- French: Jack et Jacques
- Directed by: Marie-Hélène Copti
- Written by: Marie-Hélène Copti
- Produced by: Marie-Hélène Copti
- Starring: Pierre Lebeau François Bernier Guillermina Kerwin
- Cinematography: Michel La Veaux
- Edited by: Sylvain Lebel
- Music by: Steve Faulkner
- Production company: Coptik Films
- Distributed by: Christal Films
- Release date: August 26, 2006 (FFM);
- Running time: 14 minutes
- Country: Canada
- Language: French

= Jack and Jacques =

2006 Canadian short film

Jack and Jacques (Jack et Jacques) is a Canadian short drama film, directed by Marie-Hélène Copti and released in 2006. The film stars Pierre Lebeau as Jacques Jobin, a mediocre actor from Quebec who has been cast in a small part as a Native American in a Western film starring Jack Nicholson, and is being interviewed by student filmmakers Pat Beauséjour (François Bernier) and Annie St-Gelais (Guillermina Kerwin) about his experiences on set and his hopes that the role will provide the career breakthrough that's always eluded him.

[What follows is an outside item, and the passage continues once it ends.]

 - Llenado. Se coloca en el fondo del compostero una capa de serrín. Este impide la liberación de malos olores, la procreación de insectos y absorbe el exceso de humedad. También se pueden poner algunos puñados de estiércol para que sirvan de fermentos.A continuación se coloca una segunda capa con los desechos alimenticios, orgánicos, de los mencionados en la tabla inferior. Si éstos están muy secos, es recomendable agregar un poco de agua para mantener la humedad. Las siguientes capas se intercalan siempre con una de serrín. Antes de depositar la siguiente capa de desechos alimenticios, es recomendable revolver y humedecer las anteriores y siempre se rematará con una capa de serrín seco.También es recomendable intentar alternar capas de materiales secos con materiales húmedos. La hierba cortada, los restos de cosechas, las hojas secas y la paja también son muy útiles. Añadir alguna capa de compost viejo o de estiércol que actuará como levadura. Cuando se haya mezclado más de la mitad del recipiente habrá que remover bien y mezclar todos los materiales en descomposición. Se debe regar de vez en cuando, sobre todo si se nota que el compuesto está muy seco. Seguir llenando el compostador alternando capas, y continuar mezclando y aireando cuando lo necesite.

The film premiered at the 2006 Montreal World Film Festival, where it won the award for Most Popular Canadian Short Film. It received a Genie Award nomination for Best Live Action Short Drama at the 27th Genie Awards in 2007.

In 2011, Copti and Lebeau collaborated on the nine-episode web series Jack Jobin TV, which revisted the character pontificating on other topics.